Saturday, August 20, 2011

Folk Music: Against the Hit Parade

Pete Seeger wrote the following in 1956. It was true then, and it's still true today. Possibly even more true now than it was then, because the technology by which music is made, distributed, shared, and listened to has kept evolving, and changing at a rapid rate. The record companies have now lost their bootheel-n-the-throat control of music production and distribution, which is the good side of the current technological miracle; the bad side is of course that those same record companies, in their flailing about to try to maintain their dissolving monopoly, have become vicious about trying to keep that monopoly, while at the same time producing an endless stream of newly-hatched, overly-produced, hype-marketed, vapid, cheap and tawdry, hollow, talentless pop stars (is Lady Gaga, the latest incarnation of Madonna and/or Marilyn Manson, a postmodern commentary on this trend or herself part of it, or both?)—most of whom have been influenced by Pete Seeger without probably ever hearing his name. Seeger's influence on folk and pop music remains incredibly strong, and his opinions, even his older ones, are still worth listening to:

I am against the Hit Parade because I am against anything that would make a sheep out of a human being. The world is too big, and its people too varied, to try and make one hit parade suit us all. True, the gods of mass production may proclaim that it is much cheaper, much more efficient, to produce everyone's music at one place and at one time. But which would you rather hear—cheap music or good music? (And by good you might mean anything from Calypso to blues to Bach.)

Not only every country, but every region and town, every national group, every age group, every industry, even every school or summer camp should have its own hit parade, refusing to follow slavishly the dictates of Hollywood and New York.

Fortunately, at the same time that TV has concentrated the entertainment business as never before, LPs [and now CDs and MP3s] have enabled hundreds of minority idioms to receive hearings. The so-called Hit Parade is, today, simply the most popular songs of the fourteen-to-eighteen age group, and is supported by them and a few saloon goers who help feed the jukeboxes. There have been many songs which have attained Number One on the Hit Parade, yet 75 percent of the population have never heard of them.


Another way to think about this is a parallel slogan from artist/shaman/astrologer/writer Rob Brezsny, who says: Performance is life. Entertainment is death.

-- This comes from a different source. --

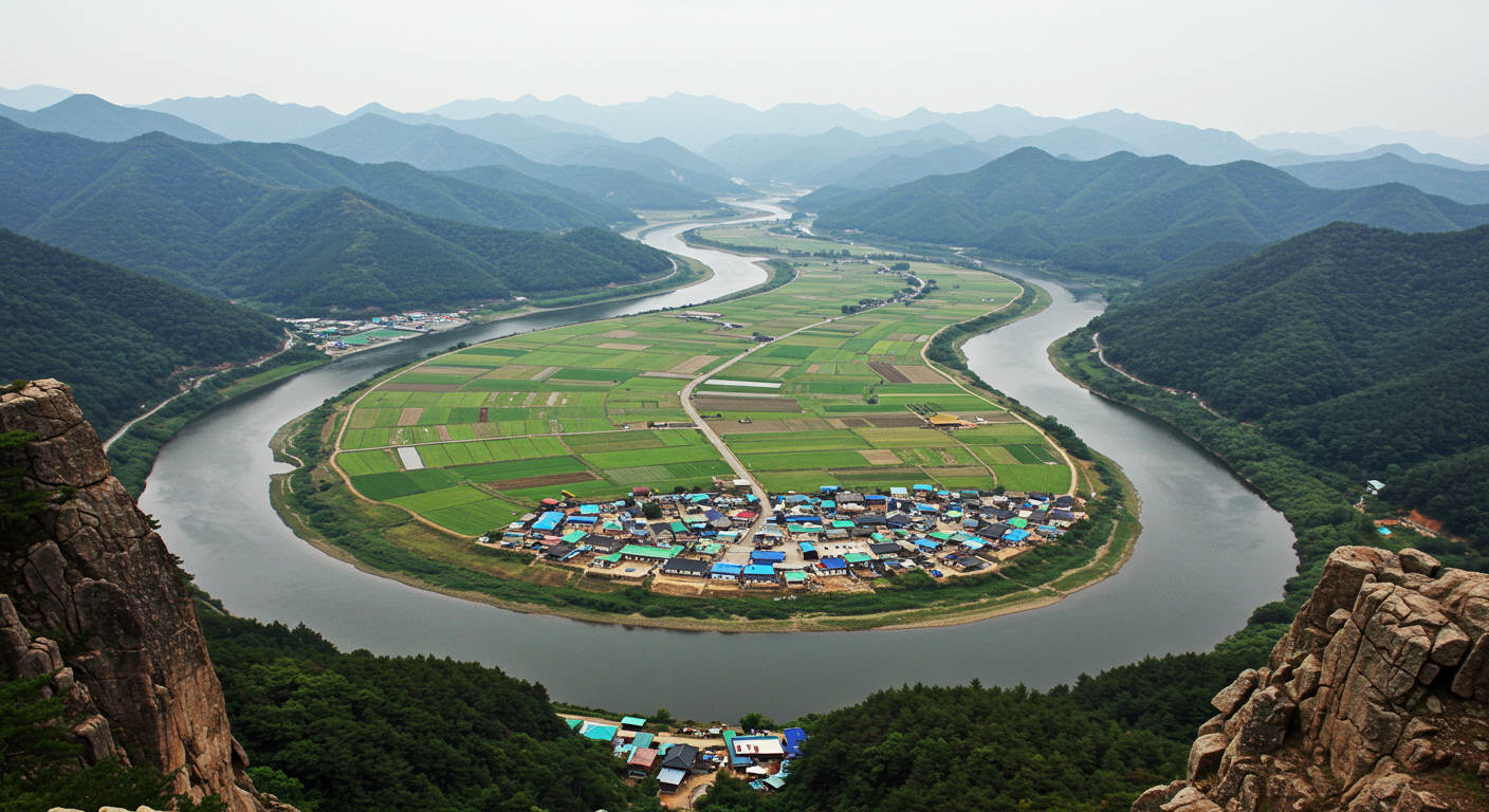 배산임수(背山臨水)의 명당: 마을 전체가 낙동강에 'S'자 모양으로 휘감겨 흐르는 모습이 마치 물 위에 뜬 연꽃 같다고 하여 '하회(河回)'라는 이름이 붙었습니다. 뒤로는 화산을 등지고 앞으로는 낙동강을 바라보는 전형적인 배산임수 지형으로, 풍수지리적으로도 최고의 명당으로 꼽힙니다.

Entertainment, which is what the music industry tries to reduce music to, both to sanitize it and make it harmless and control it, and also to try to own it financially, is passive; entertainment is you not making your own art, but only taking in the art made for you by others. Produced for you by artists and musicians and writers who the arts industry has laughingly begun to call "content providers." As if the purpose of making art was only to sell it, to provide content to be sold. Thus goes the final decadent stages of the commercialization of creativity under what another contemporary radical philosopher has called Too-Late Capitalism.

Entertainment is ultimately deadening because it is passive. You are expected to be a passive consumer sucking at the teat of a centralized delivery system. (That's the paradigm that the five big worldwide music industry conglomerates are so desperately trying to hold onto.) Performance, by contrast, is enlivening because you do it yourself. You pull out the banjo, or the piano, or you go to choir rehearsal, and you make acoustic live music with other mostly-untrained people who are making music for their lives, their souls, and their health. (Which of course is one definition of "folk music" that Pete Seeger would agree with.) Performance is active, it's do-it-yourself, it's wild and anarchic and often very rough around the edges: folk music, in a word, which is music made by regular folk. Entertainment is very slick and over-produced, and slides down the gullet like teflon-coated candy. Performance, on the other hand, is often full of little rough edges and errors, those details that make it come alive. Put another way, performance exists where people who make music (or art) understand: Don't let the perfect get in the way of the good. Slick, perfectly-recorded, perfectly-packaged entertainment is deadening. Rough-edged folk music makes your heart beat as well as your feet.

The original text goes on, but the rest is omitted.